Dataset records

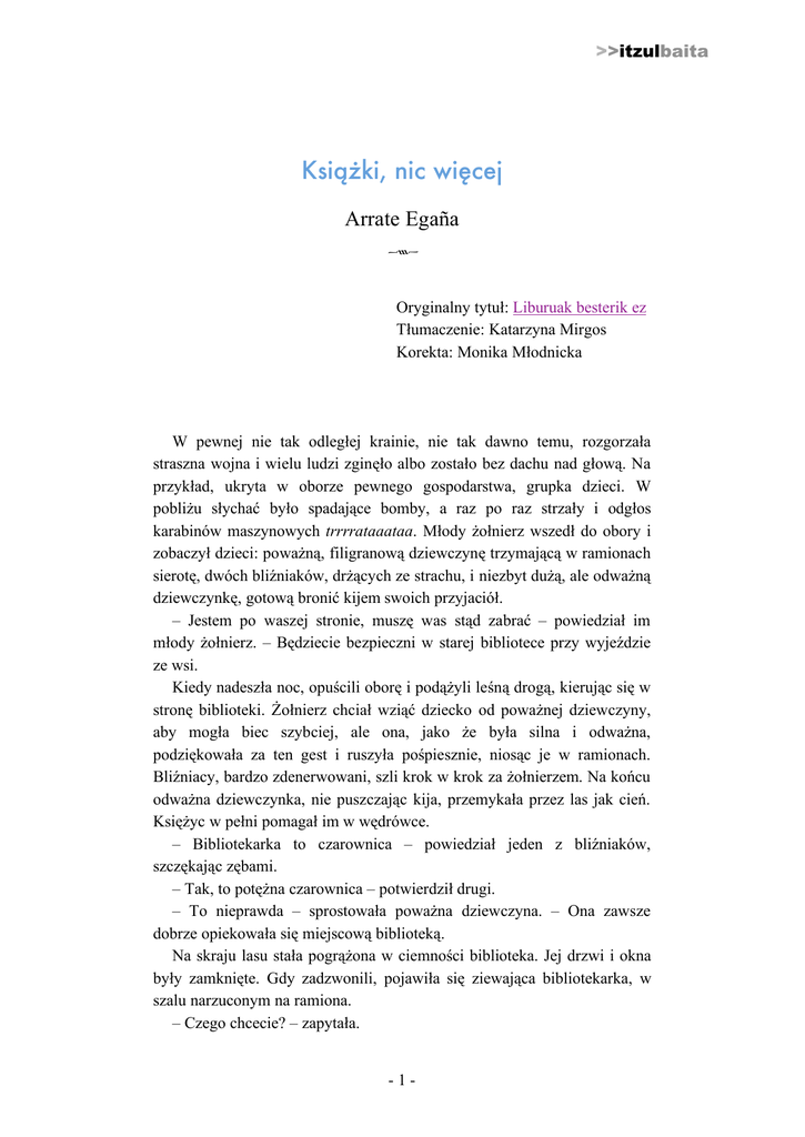 >>itzulbaita Książki, nic więcej Arrate Egaña Oryginalny tytuł: Liburuak besterik ez Tłumaczenie: Katarzyna Mirgos Korekta: Monika Młodnicka W pewnej nie tak odległej krainie, nie tak dawno temu, rozgorzała straszna wojna i wielu ludzi zginęło albo zostało bez dachu nad głową. Na przykład, ukryta w oborze pewnego gospodarstwa, grupka dzieci. W pobliżu słychać było spadające bomby, a raz po raz strzały i odgłos karabinów maszynowych trrrrataaataa. Młody żołnierz wszedł do obory i zobaczył dzieci: poważną, filigranową dziewczynę trzymającą w ramionach sierotę, dwóch bliźniaków, drżących ze strachu, i niezbyt dużą, ale odważną dziewczynkę, gotową bronić kijem swoich przyjaciół. – Jestem po waszej stronie, muszę was stąd zabrać – powiedział im młody żołnierz. – Będziecie bezpieczni w starej bibliotece przy wyjeździe ze wsi. Kiedy nadeszła noc, opuścili oborę i podążyli leśną drogą, kierując się w stronę biblioteki. Żołnierz chciał wziąć dziecko od poważnej dziewczyny, aby mogła biec szybciej, ale ona, jako że była silna i odważna, podziękowała za ten gest i ruszyła pośpiesznie, niosąc je w ramionach. Bliźniacy, bardzo zdenerwowani, szli krok w krok za żołnierzem. Na końcu odważna dziewczynka, nie puszczając kija, przemykała przez las jak cień. Księżyc w pełni pomagał im w wędrówce. – Bibliotekarka to czarownica – powiedział jeden z bliźniaków, szczękając zębami. – Tak, to potężna czarownica – potwierdził drugi. – To nieprawda – sprostowała poważna dziewczyna. – Ona zawsze dobrze opiekowała się miejscową biblioteką. Na skraju lasu stała pogrążona w ciemności biblioteka. Jej drzwi i okna były zamknięte. Gdy zadzwonili, pojawiła się ziewająca bibliotekarka, w szalu narzuconym na ramiona. – Czego chcecie? – zapytała. -1- >>itzulbaita Gasteiz – Poznan 2010 – Dzieci schronią się tutaj, ponieważ wróg zamierza spalić całą wieś. – W takim razie wejdźcie, ale nie zapalajcie światła – nakazała bibliotekarka. Weszli do środka, a dzięki wpadającemu przez kraty światłu księżyca mogli przyjrzeć się wnętrzu. Wszędzie panowała czystość i porządek, obrazy wisiały na ścianach, książki stały na półkach, a krzesła były ustawione wokół stołów, jakby w każdej chwili gotowe, na przyjęcie miejscowych dzieci. Kilka dni później żołnierza poinformowano przez radiostację, że wróg rzeczywiście podpalił wieś. Otrzymał też rozkaz, aby chronić dzieci. Z ogrodu przy bibliotece dostrzegli na ciemnym niebie pomarańczowy blask najdłuższych ognistych płomieni, słyszeli też krzyki i strzały. Przez następne dni nie słyszeli już nic. Słońce wstawało codziennie, a ptaki śpiewały. Dzieci bawiły się w lesie z żołnierzem, a nocą bibliotekarka czytała im do snu. Ta bibliotekarka nie była złym człowiekiem. Była bardzo mądrą i szczodrą kobietą, która wszystko, co miała, rozdzieliła między dzieci i nauczyła ich różnych zabaw. Przez kilka dni poruszali się tylko w okolicy biblioteki i na ścieżce prowadzącej do lasu, tak jakby znajdowali się w innym świecie, spokojnym świecie bez wojny. Poważna dziewczyna śmiała się, słuchając czułych słów żołnierza, zapomniała, że jest żołnierzem; sierota uznała bibliotekarkę za matkę, bliźniacy zamiast wciąż drżeć, wybuchali gromkim śmiechem, a odważna dziewczynka zamieniła kij na książkę. Ale wojna pozostała wojną. Pewnego razu, gdy dzieci siedziały przy bibliotekarce słuchając bajki, usłyszały radiostację żołnierza. Wróg, zabijając dom po domu pozostałych przy życiu ludzi, skierował się w stronę lasu. Następnego dnia rano dotrą do biblioteki! Dzieci znów zaczęły drżeć. Żołnierz nie wiedział, co robić, nie mieli wiele czasu na ucieczkę, a z drugiej strony nie było gdzie się ukryć! Wówczas bibliotekarka, która, jak słusznie podejrzewali bliźniacy, była czarownicą, zaproponowała niezwykłe wyjście, wyjście magiczne. – Ukryjemy się we wnętrzu książek. – Potrafisz tego dokonać? – zapytał zdumiony żołnierz. – Wejście do środka nie jest trudne, ale później ktoś będzie nas musiał stamtąd wydostać. – To bez znaczenia – powiedziała poważna dziewczyna. – Jeśli to jedyna możliwość ratunku, zróbmy to. Nie mieli zbyt wiele czasu. Z lasu dochodził hałas, wróg powalał drzewa i strzelał do wszystkiego, co się ruszało. -2- >>itzulbaita Gasteiz – Poznan 2010 – Szybko – powiedziała bibliotekarka do bliźniaków. – Dokąd chcecie się wybrać w podróż? Podoba się wam ta książka przygodowa? Albo tamta, o piratach? Bliźniacy, nie przestając drżeć, zdecydowali się wejść do wnętrza opowieści przygodowej i kobieta wysłała ich tam, szepcząc kilka magicznych słów. Odważna dziewczynka wybrała książkę o piratach, a poważna dziewczyna, ponieważ zakochała się w żołnierzu, poprosiła go, aby razem ukryli się w baśni o elfach. – Ja muszę walczyć – odpowiedział. Bibliotekarka poprosiła młodego żołnierza, aby nie zostawał, gdyż wojna jest zła, a on nie jest złym młodzieńcem. – Pomyśl, dla wielu innych ty będziesz takim samym wrogiem, jakim oni są dla nas. Będą się bali, a ty ich skrzywdzisz. Żołnierz nie uległ jednak. Oznajmił, że pewnego dnia wróci i odszuka ich wśród opowieści. – W takim razie aż do twego powrotu zostanę w baśni o Królowej Śniegu – powiedziała dziewczyna - i będę żyć w zimnie do czasu, aż wrócisz. Bibliotekarka na oczach zapłakanego żołnierza umieściła dziewczynę w baśni o Królowej Śniegu, a następnie pożegnała się z nim. Kobieta od dawna chciała odwiedzić legendę o rycerzach i zanurzyła się w jednym z takich tomów, zabierając ze sobą dziecko. Ostatnia książka zamknęła się, a żołnierz uciekł zasmucony, zanim zaczęło świtać. Wrogowie zdewa
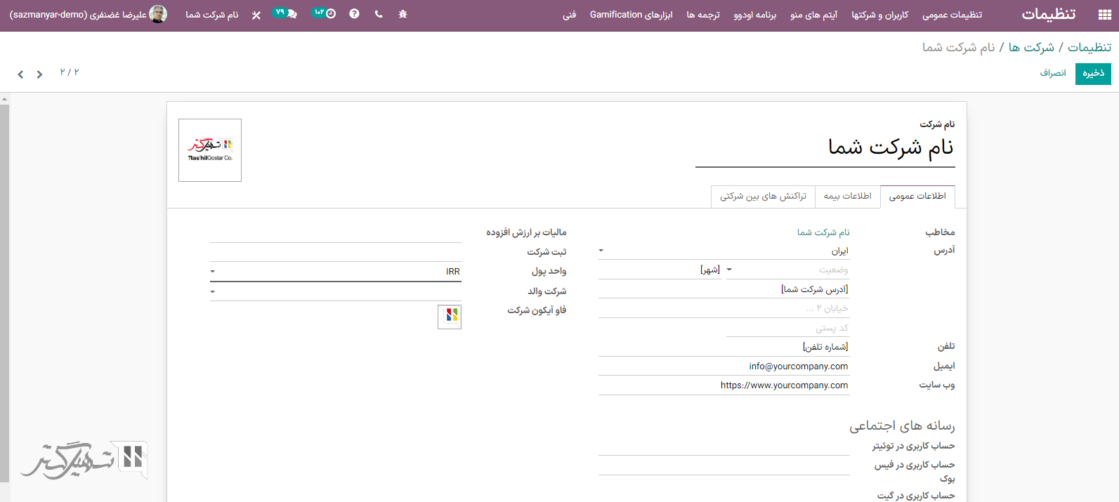 اول از همه اطمینان حاصل کنید که هر کدام از شرکتهای شما به درستی به لحاظ موارد زیر تنظیم شده باشد:
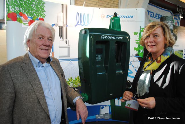 Links Bert van Herwijnen en rechts Hilde van Steijn van VeHa Plastics ze staan hier met de nieuwe Dosatron D-30. de D-30 is in aanvulling op de D-20.
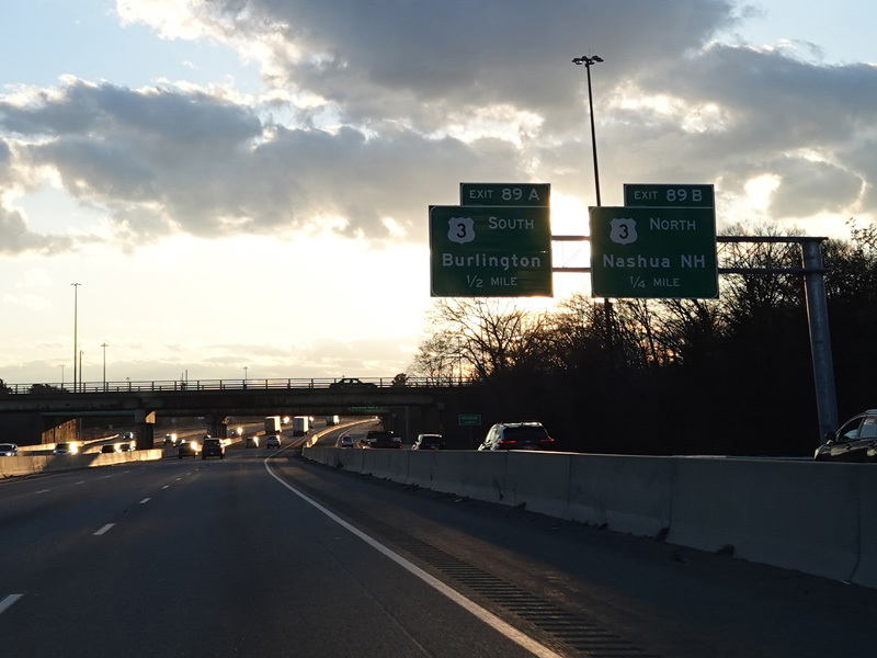 Exits 89C-B-A are for the Lowell Connector and US 3.
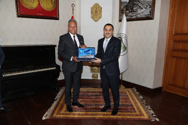 Vali Türker Öksüz, Türkiye Seyahat Acentaları Birliği (TÜRSAB) Başkanı Firuz Barbaros Bağlıkaya ve Yönetim Kurulu Üyelerinin ziyaretinden duyduğu memnuniyeti dile getirerek nazik ziyaretlerinden dolayı kendilerine teşekkür etti.
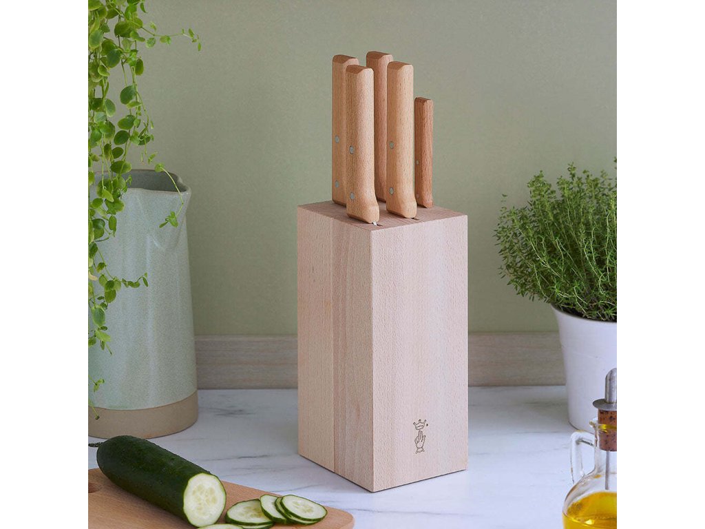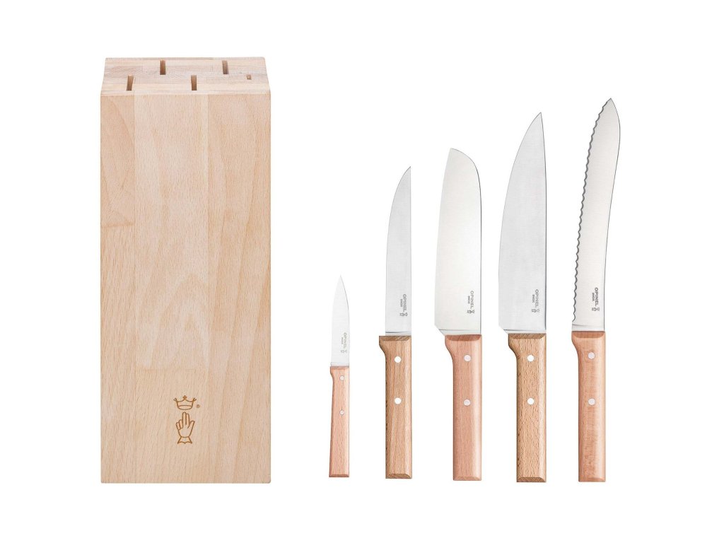 Sada 5 nožov Opinel Parallèle v odolnom kuchynskom bloku z bukového dreva. Sada obsahuje kuchársky nôž, nôž santoku, nôž na vykosťovanie, nôž na krájanie a nôž na špíz.
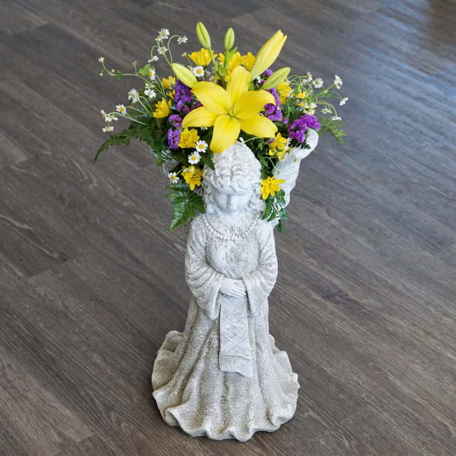 A perfect addition to your porch or patio, our concrete angel planter statues are great for fresh cut flowers or blooming plants. A perfect gift for the angel lover in your life.
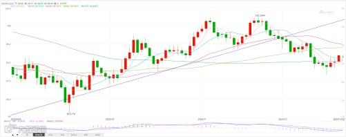 美元兑人民币12月18日最低跌至7.0395,人民币保持升值状态。日线方面观察,近期汇价基本围绕7.04附近窄幅波动,同时也位于7.3515以来的趋势线下方运行。后续如跌势延续,回调目标可参考去年9月26日低点7.0090位置。周内观察,汇价下行走势保持较好,而美指反弹走势仍然趋弱,如果美指在反弹过后再度陷入调整,届时美元兑人民币大概率仍有望进一步下行。此外上方可关注趋势线位置的压力(7.0480),预计该位置短期突破概率并不高。
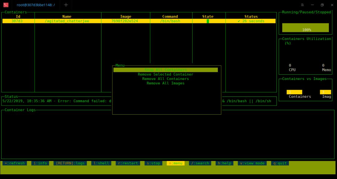 如果不再需要容器,我们可以立即停止和/或删除一个或所有容器。为此,请按 m 打开菜单。
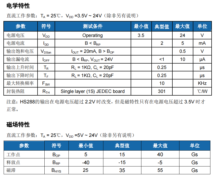推薦型號:HS288雙極鎖存型高靈敏度霍爾元件
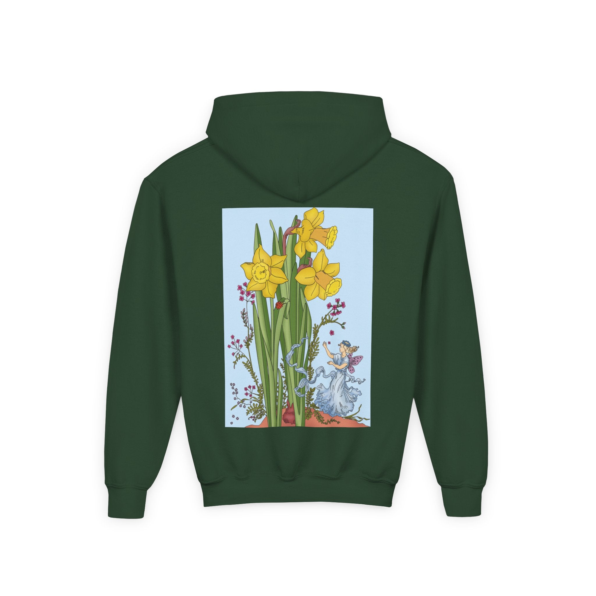Featured on the back is the Daffodil Fairy—a vintage illustration of a graceful fairy dressed in soft blue with shimmering lavender wings. Surrounded by tall daffodils, she embodies the gentle magic and renewal of springtime. The timeless colors and delicate details create a serene and imaginative scene, making this sweatshirt a perfect choice for young dreamers who love fairytales and nature’s beauty.
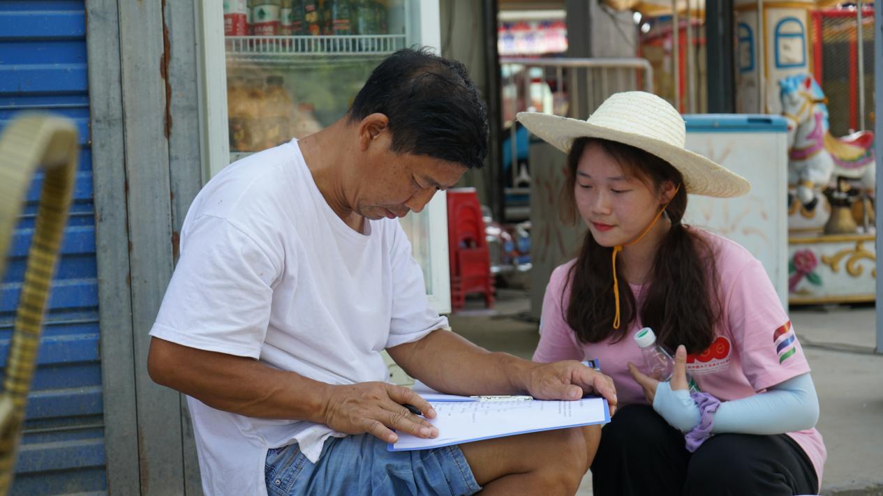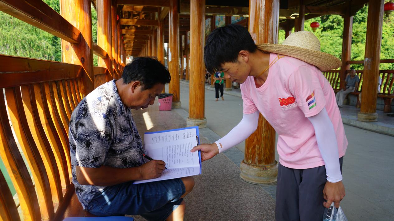 午休过后,调研组成员以饱满的精神,踏上了前往调研的道路。炎阳炙人,汗水浸湿了志愿者们的后背,但这并不能降低他们的热情。今天的调查覆盖了大合村周边的两个村庄,共收集问卷60余份。

Task instructions -> Take the lines above starting at the one containing "如果不再需要容器,我们可以立即停止和/或删除一个或所有容器。为此,请按 m 打开菜单。" and ending at the one containing "推薦型號:HS288雙極鎖存型高靈敏度霍爾元件", and print them again exactly, without pictures.

Written solution ->
 如果不再需要容器,我们可以立即停止和/或删除一个或所有容器。为此,请按 m 打开菜单。
推薦型號:HS288雙極鎖存型高靈敏度霍爾元件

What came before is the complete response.